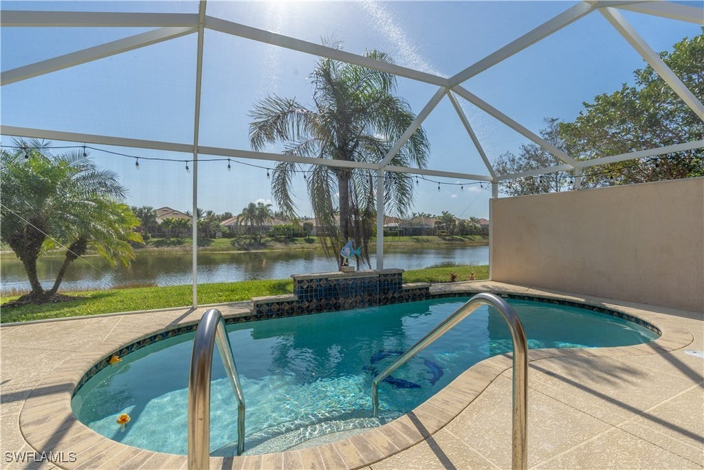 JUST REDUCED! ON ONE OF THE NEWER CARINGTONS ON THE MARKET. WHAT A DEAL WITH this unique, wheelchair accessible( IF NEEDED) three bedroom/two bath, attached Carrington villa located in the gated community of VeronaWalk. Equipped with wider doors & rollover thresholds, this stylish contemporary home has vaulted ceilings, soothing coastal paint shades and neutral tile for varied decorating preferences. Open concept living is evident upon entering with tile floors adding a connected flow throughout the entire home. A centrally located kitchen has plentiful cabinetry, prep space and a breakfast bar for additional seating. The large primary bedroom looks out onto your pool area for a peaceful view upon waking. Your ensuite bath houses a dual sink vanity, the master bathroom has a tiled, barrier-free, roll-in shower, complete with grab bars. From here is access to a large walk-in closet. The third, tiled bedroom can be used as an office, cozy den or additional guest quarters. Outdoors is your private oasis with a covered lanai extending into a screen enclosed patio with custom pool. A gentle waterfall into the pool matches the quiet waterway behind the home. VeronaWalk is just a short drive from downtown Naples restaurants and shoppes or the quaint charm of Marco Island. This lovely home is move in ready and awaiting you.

|---|

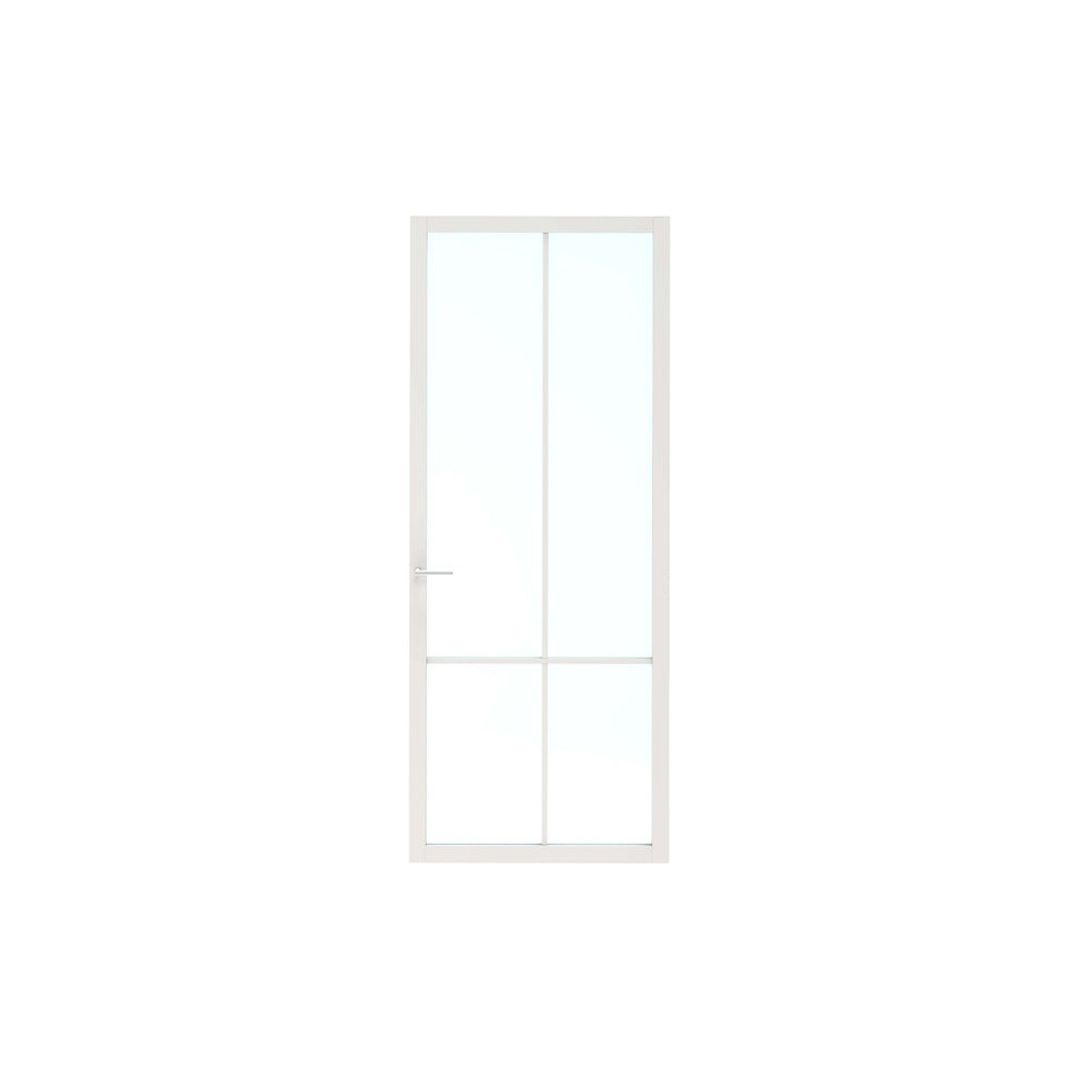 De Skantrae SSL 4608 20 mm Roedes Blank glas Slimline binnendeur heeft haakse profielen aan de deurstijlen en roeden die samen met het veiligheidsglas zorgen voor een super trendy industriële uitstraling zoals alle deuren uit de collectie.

|---|

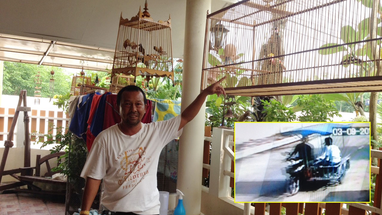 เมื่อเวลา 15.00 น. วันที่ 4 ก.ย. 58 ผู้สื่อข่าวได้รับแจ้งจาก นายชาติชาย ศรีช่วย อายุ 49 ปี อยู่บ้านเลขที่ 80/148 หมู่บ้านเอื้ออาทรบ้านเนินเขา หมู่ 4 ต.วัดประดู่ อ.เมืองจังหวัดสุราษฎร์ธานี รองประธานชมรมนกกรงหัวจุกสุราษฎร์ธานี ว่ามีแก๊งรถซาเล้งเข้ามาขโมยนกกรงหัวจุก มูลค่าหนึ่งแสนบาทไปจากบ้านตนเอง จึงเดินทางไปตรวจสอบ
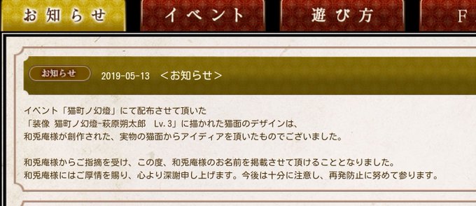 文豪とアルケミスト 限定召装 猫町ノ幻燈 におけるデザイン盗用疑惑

|---|

_Task description_
For the data above, set down exactly the lines from the line with "เมื่อเวลา 15.00 น." to the line with "文豪とアルケミスト 限定召装 猫町ノ幻燈 におけるデザイン盗用疑惑", both included, leaving pictures out.

_Your solution_
 เมื่อเวลา 15.00 น. วันที่ 4 ก.ย. 58 ผู้สื่อข่าวได้รับแจ้งจาก นายชาติชาย ศรีช่วย อายุ 49 ปี อยู่บ้านเลขที่ 80/148 หมู่บ้านเอื้ออาทรบ้านเนินเขา หมู่ 4 ต.วัดประดู่ อ.เมืองจังหวัดสุราษฎร์ธานี รองประธานชมรมนกกรงหัวจุกสุราษฎร์ธานี ว่ามีแก๊งรถซาเล้งเข้ามาขโมยนกกรงหัวจุก มูลค่าหนึ่งแสนบาทไปจากบ้านตนเอง จึงเดินทางไปตรวจสอบ
 文豪とアルケミスト 限定召装 猫町ノ幻燈 におけるデザイン盗用疑惑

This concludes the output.